[Data excerpts]
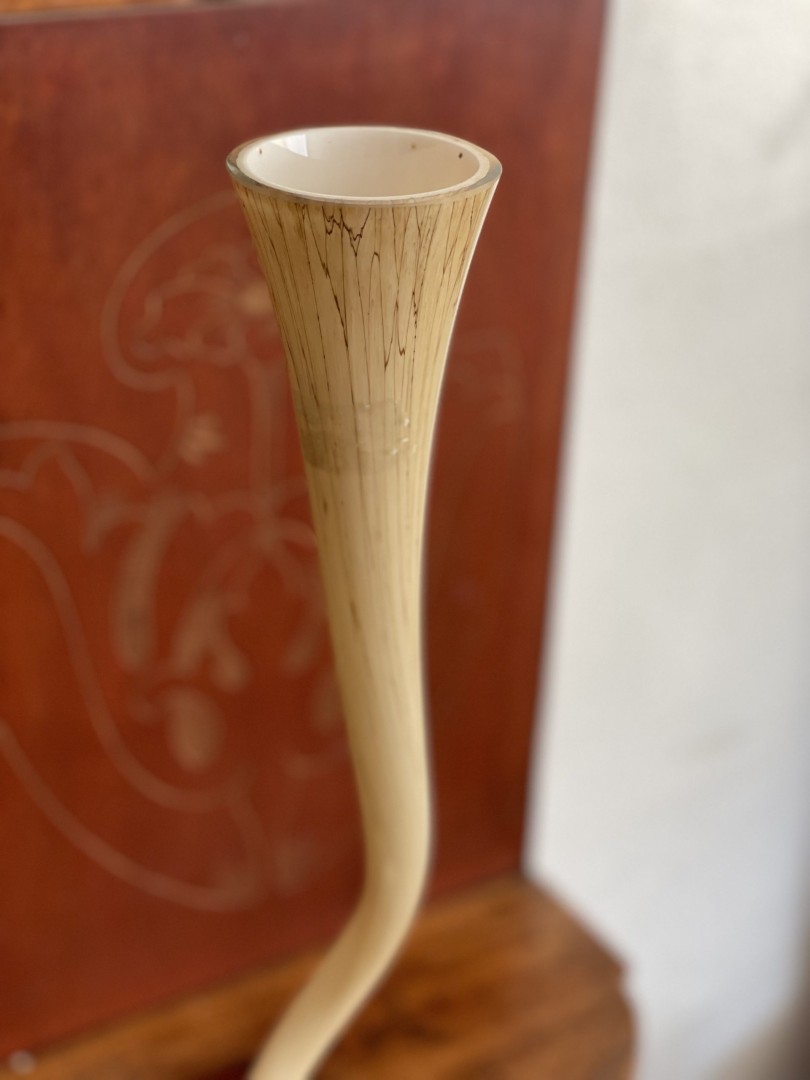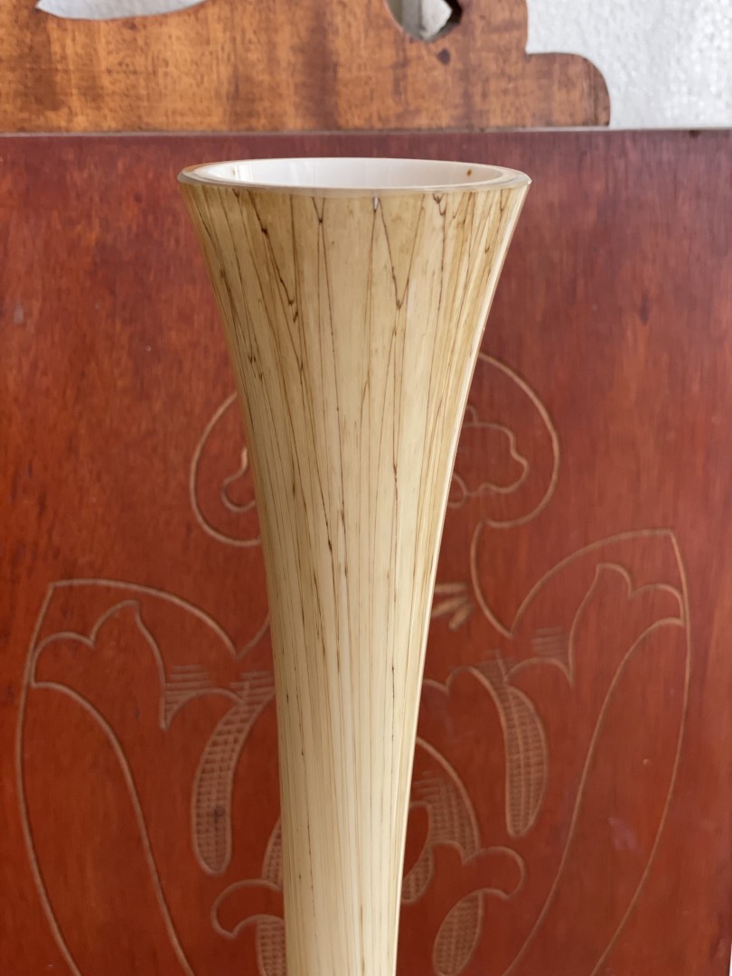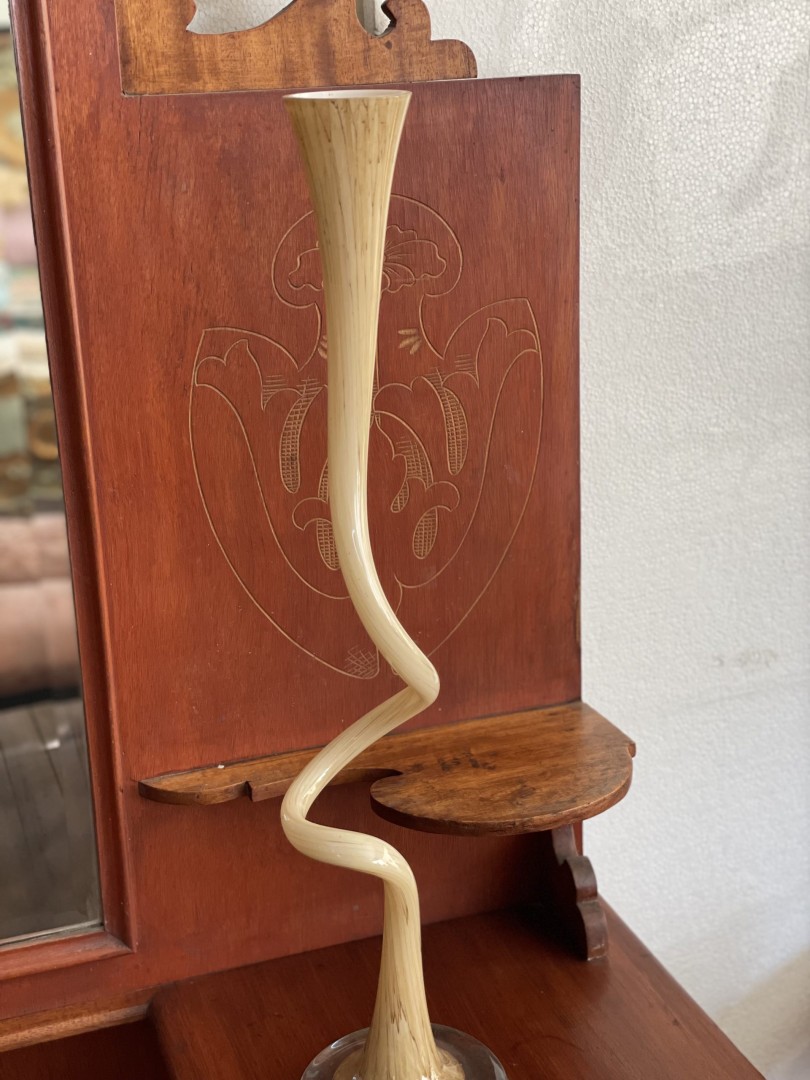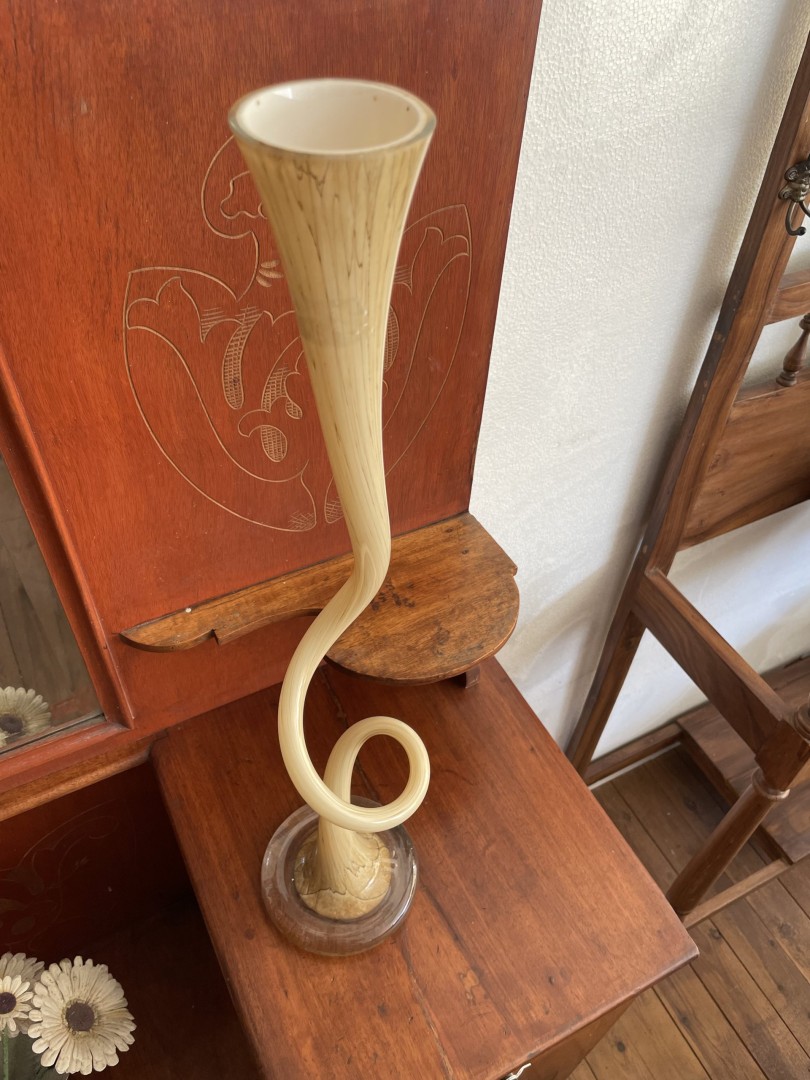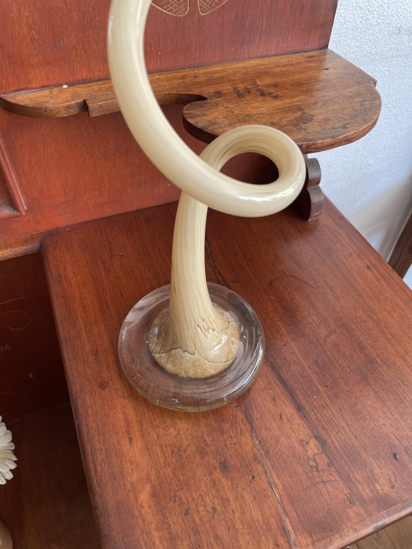 A captivating mid-century art glass vase from the 1960s-70s, featuring a stunning hand-twisted design and warm beige tones. A timeless piece that combines mid-century craftsmanship with sculptural elegance, perfect for collectors and home decor enthusiasts. \n \nSpecial Aspect: \n \nThe flowing, twisted design captures the spirit of mid-century modern artistry, making it an iconic addition to any space. This exquisite mid-century art glass vase showcases a gracefully twisted design with soft, earthy beige tones. Set on a clear glass base, its sculptural elegance makes it a standout piece for any vintage or contemporary decor. A true testament to mid-20th-century craftsmanship, this vase is perfect for collectors or anyone seeking a unique, timeless centerpiece. \n \nEra: 1960s-1970s \n \nStorytelling: \n \nPicture this vase in a serene corner of a 1970s home, its flowing curves reflecting the light and inspiring admiration. Crafted with precision and care, its organic design tells a story of an era when artistry met functionality. Now, this piece awaits to bring its sculptural charm and history into your home.
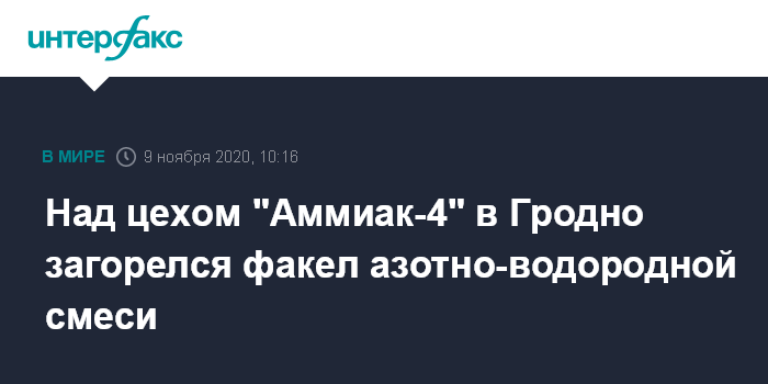 "В 5:30 из-за проблем в технологическом процессе отделения очистки конвертированного газа произошла остановка компрессора синтез-газа со сбросом АВС (азотно-водородной смеси) на факел", - сообщает корпоративное издание "Гродненский химик".
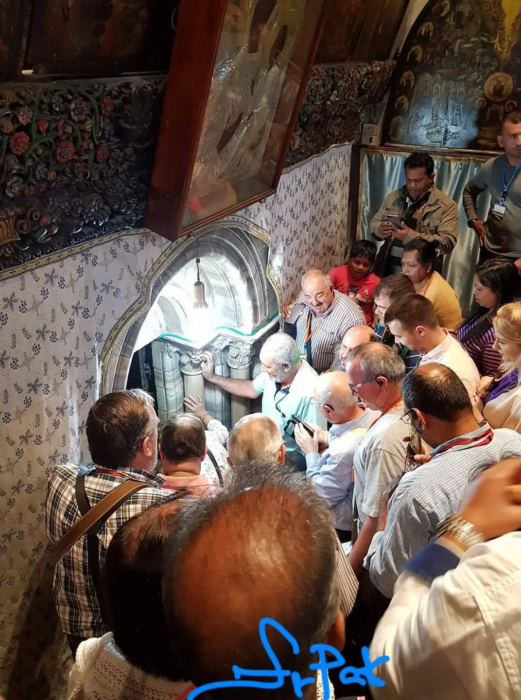 성모품에 안긴 아기예수 문위에서 내려다 보고 있다. 이 거룩한 문 안으로 초대하면서. 빛이 소록히 새어나오는 바로 그곳. 구유가 놓였던 마굿간이다. 길잡이 베들레헴의 별은 사라지고 없었다.
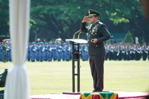 Selaku pimpinan upacara, Mayjen TNI Syafrial membacakan amanat dari Panglima TNI Jenderal TNI Andika Perkasa, S.E., M.A., M.Sc., M.Phil., Ph.D.
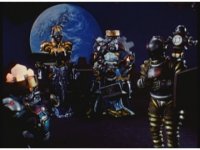 In the Zeo MegaBattlezord cockpit, the team takes a quick look, Red raises a fist briefly, nod-talks and sits back, prompting his four teammates behind him to all motion their right hands up into the air at once. |
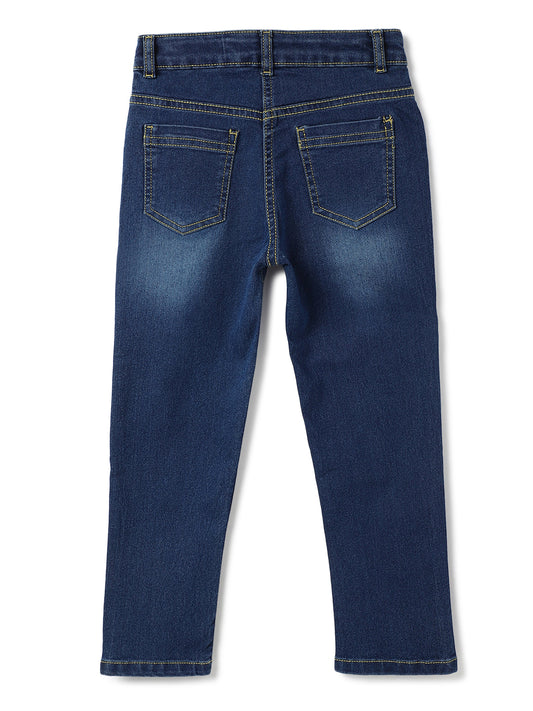 Girls Dark Blue Lycra Sequins Embroidery Slim Fit Jeans
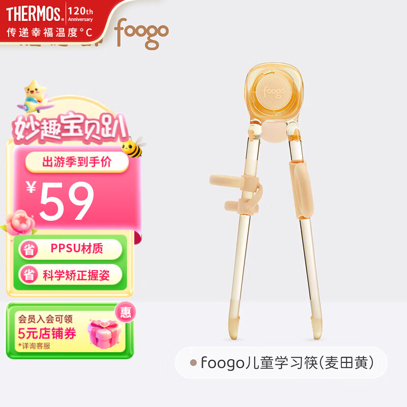 旗舰店膳魔师(THERMOS)foogo儿童学习筷子辅助器宝宝专用筷子学习训练筷小孩辅食餐具 儿童学习筷

PROBLEM REQUIREMENTS: Only the lines starting at the one that holds "5:30 из-за проблем" and ending at the last line of the data belong in your answer. Please set them down exactly and omit the pictures.

OUTPUT OF THE EXERCISE:
 "В 5:30 из-за проблем в технологическом процессе отделения очистки конвертированного газа произошла остановка компрессора синтез-газа со сбросом АВС (азотно-водородной смеси) на факел", - сообщает корпоративное издание "Гродненский химик".
 성모품에 안긴 아기예수 문위에서 내려다 보고 있다. 이 거룩한 문 안으로 초대하면서. 빛이 소록히 새어나오는 바로 그곳. 구유가 놓였던 마굿간이다. 길잡이 베들레헴의 별은 사라지고 없었다.
 Selaku pimpinan upacara, Mayjen TNI Syafrial membacakan amanat dari Panglima TNI Jenderal TNI Andika Perkasa, S.E., M.A., M.Sc., M.Phil., Ph.D.
 In the Zeo MegaBattlezord cockpit, the team takes a quick look, Red raises a fist briefly, nod-talks and sits back, prompting his four teammates behind him to all motion their right hands up into the air at once. |
 Girls Dark Blue Lycra Sequins Embroidery Slim Fit Jeans
 旗舰店膳魔师(THERMOS)foogo儿童学习筷子辅助器宝宝专用筷子学习训练筷小孩辅食餐具 儿童学习筷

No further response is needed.